ICCAI 95 article
Facing this complexity, the distance tutor cannot set up conditions which guarantee efficient collaborative learning. He should rather stop investigating collaborative learning at a general level and refer to more precise interaction processes which may or may not occur during collaboration. Hence our conclusion is that the only way to achieve partial control of learning effects is monitoring closely the interactions and check whether they offer a potential for at least some of the mechanisms that we have presented.

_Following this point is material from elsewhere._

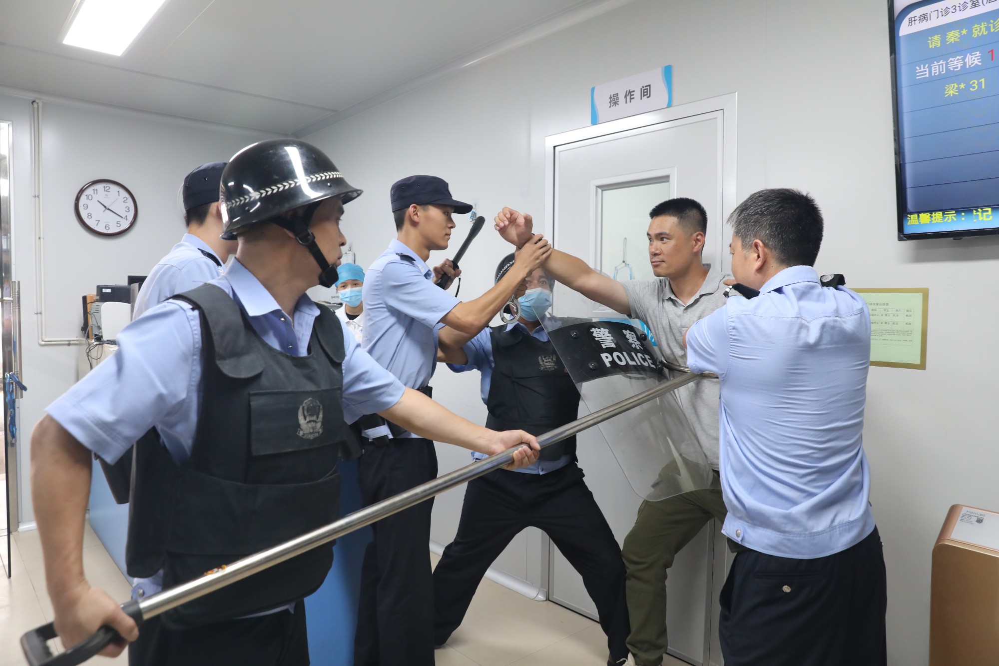 为检验医院安全保卫人员的防恐防暴能力,正确合理处置突发治安事件,提高快速反应和应对能力。7月12日,广西壮族自治区南溪山医院联合桂林市公安局象山分局在医院门诊组织开展“警医联动”应急演练。此次演练采取不预先通知的方式进行。

We would like to emphasize a second idea which underlies the work presented here. Under the label 'collaborative learning', most research actually focuses 'learning through collaborative problem solving'. Most of the mechanisms we presented may only occur if two or more individuals are engaged into some activity which forces them to maintain some agreement and to reach eventually a shared solution. These results do not concern experiments in which subjects would roughly be left free to talk about whatever they want. Current discussions of Internet-based tools focus often on people sending messages, but neglect the reason why they communicate. Even if individuals have such reasons, the effects we reported in this paper only concern goal-directed collaboration. In such settings, individuals are somewhat 'glued' into a single shared cognitive system by the fact that they are engaged into a convergent attempt to solve a problem. Therefore, more effort has to be spent on integrating collaboration features found in Computer Supported Cooperative Work (CSCW) tools into communication and information software available for "masses" on the Internet.